-- What to work on --
For the records below, please print exactly and only the lines from the one with "Teal Floral Hand" down to the one with "Die große Osterkerze", both ends included, omitting the pictures.

-- Data provided --
-*-*-

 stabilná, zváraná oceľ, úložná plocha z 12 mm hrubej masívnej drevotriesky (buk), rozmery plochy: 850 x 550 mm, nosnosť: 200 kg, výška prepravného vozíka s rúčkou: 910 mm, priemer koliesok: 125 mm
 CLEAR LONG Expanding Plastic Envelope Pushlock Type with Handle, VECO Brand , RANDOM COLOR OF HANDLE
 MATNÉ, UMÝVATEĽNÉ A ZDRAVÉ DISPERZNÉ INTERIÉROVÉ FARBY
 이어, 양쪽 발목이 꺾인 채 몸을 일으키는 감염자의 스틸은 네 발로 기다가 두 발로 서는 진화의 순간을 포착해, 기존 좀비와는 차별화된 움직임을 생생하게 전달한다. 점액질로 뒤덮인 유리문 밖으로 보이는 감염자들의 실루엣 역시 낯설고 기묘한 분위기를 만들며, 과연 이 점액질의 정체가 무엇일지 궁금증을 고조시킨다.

-*-*-

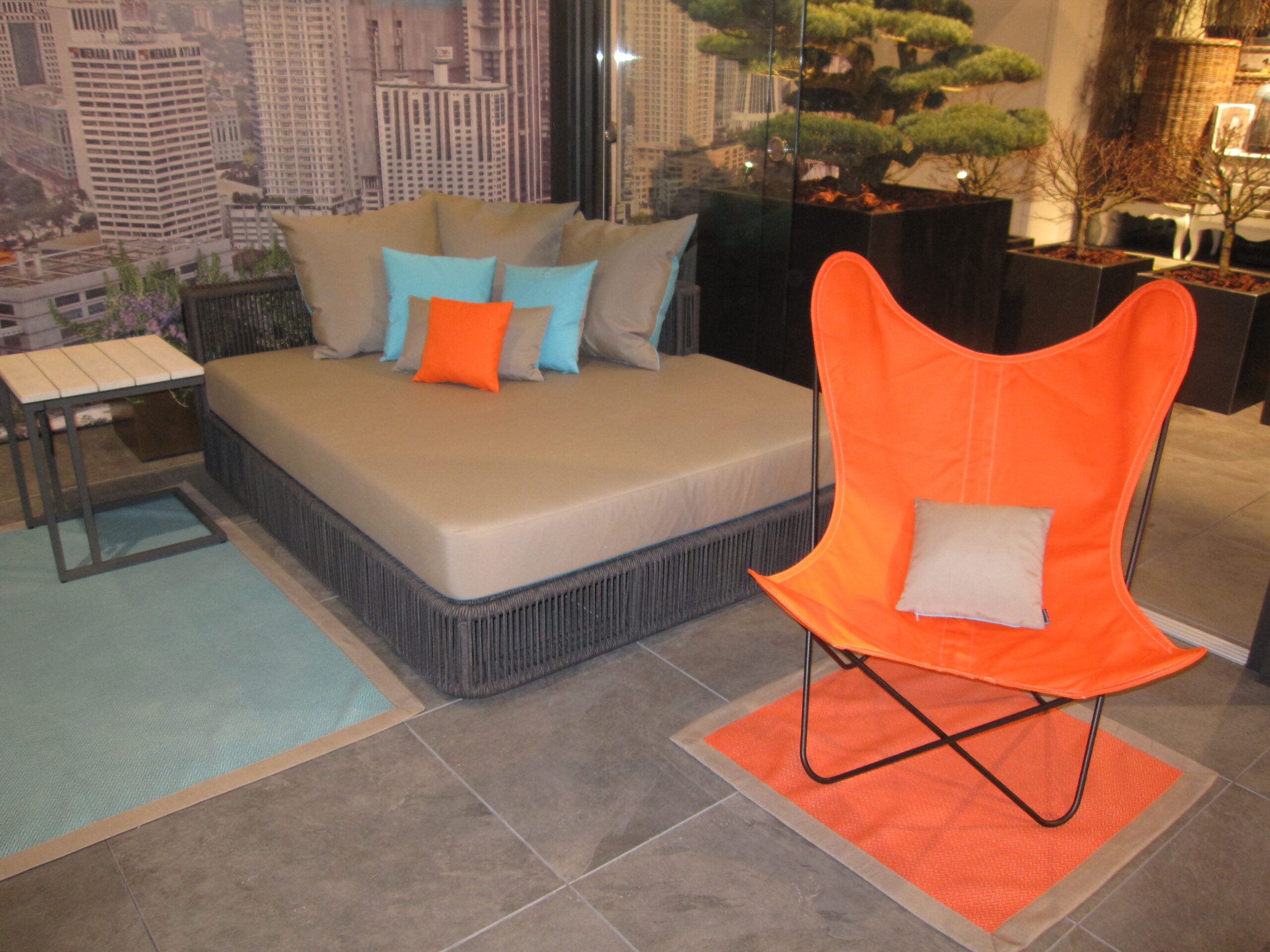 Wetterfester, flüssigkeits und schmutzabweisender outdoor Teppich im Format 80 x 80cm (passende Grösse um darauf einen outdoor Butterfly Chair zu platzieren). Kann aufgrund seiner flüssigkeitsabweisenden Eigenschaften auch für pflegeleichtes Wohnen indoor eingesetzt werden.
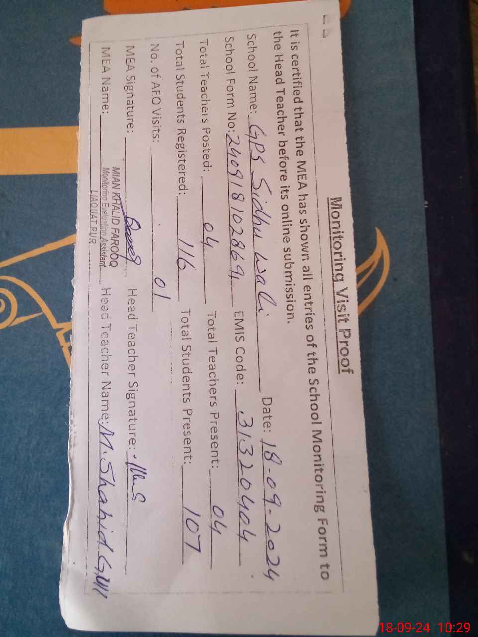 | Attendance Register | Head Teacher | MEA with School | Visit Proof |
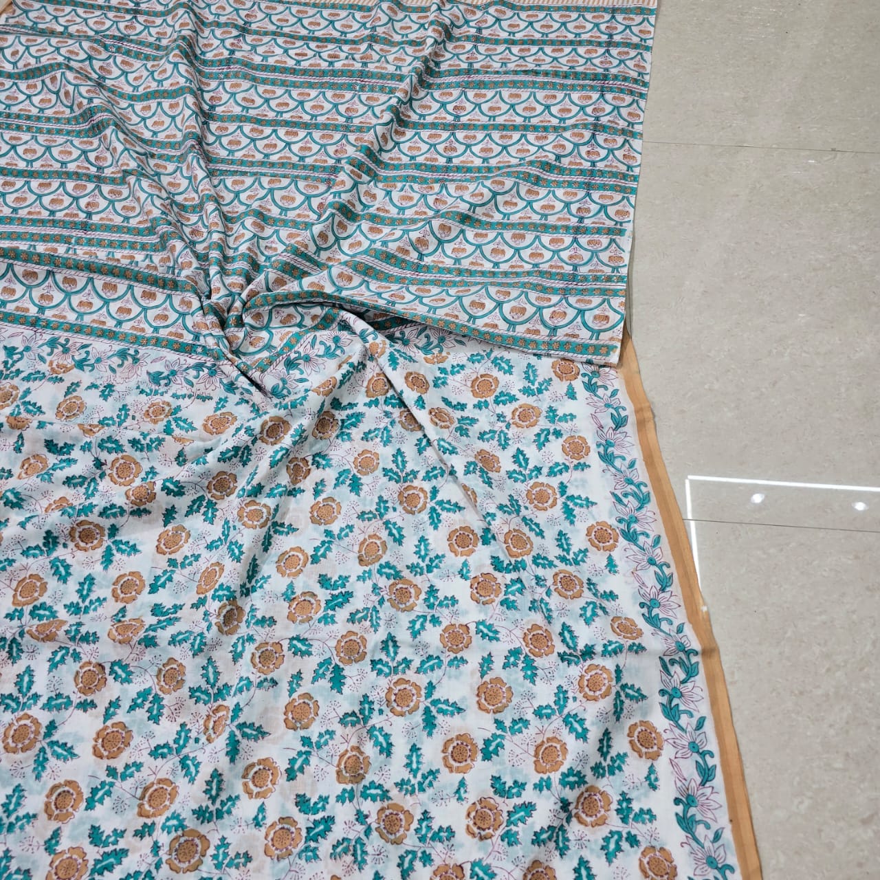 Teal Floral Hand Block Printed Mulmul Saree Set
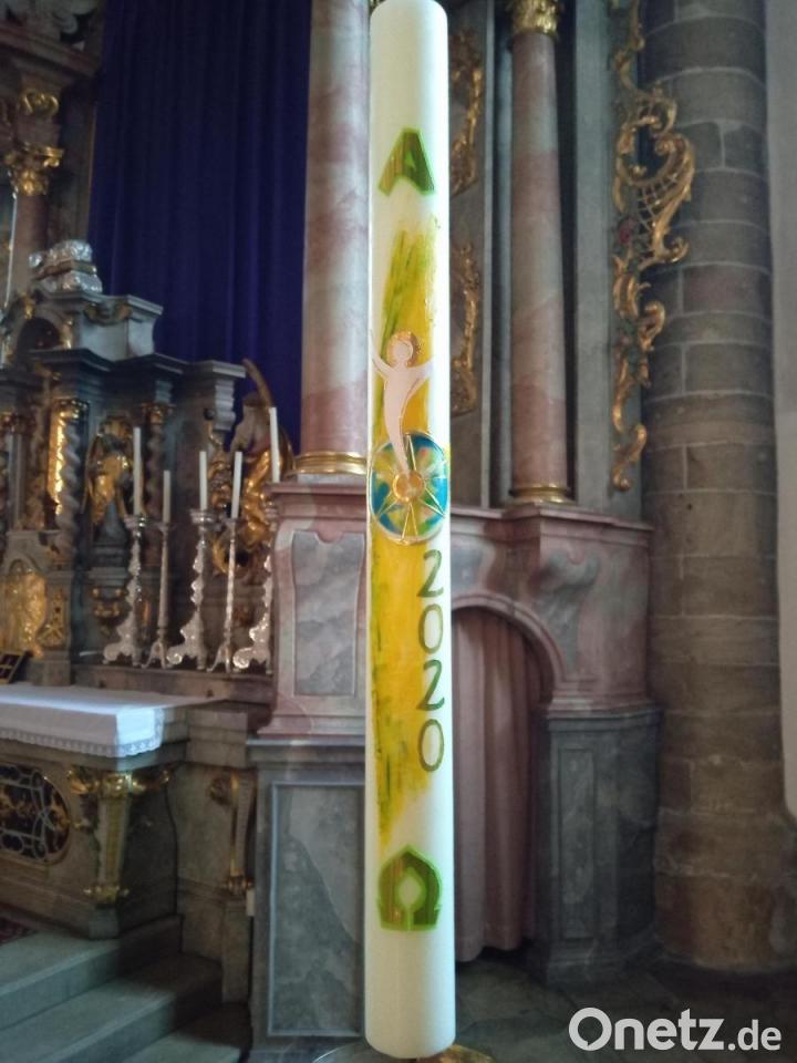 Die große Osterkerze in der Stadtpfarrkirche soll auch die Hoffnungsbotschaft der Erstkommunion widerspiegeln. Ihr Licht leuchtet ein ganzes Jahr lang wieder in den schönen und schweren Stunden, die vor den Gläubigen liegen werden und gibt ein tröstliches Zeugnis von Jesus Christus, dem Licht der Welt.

-*-*-

-- Solved problem --
 Teal Floral Hand Block Printed Mulmul Saree Set
 Die große Osterkerze in der Stadtpfarrkirche soll auch die Hoffnungsbotschaft der Erstkommunion widerspiegeln. Ihr Licht leuchtet ein ganzes Jahr lang wieder in den schönen und schweren Stunden, die vor den Gläubigen liegen werden und gibt ein tröstliches Zeugnis von Jesus Christus, dem Licht der Welt.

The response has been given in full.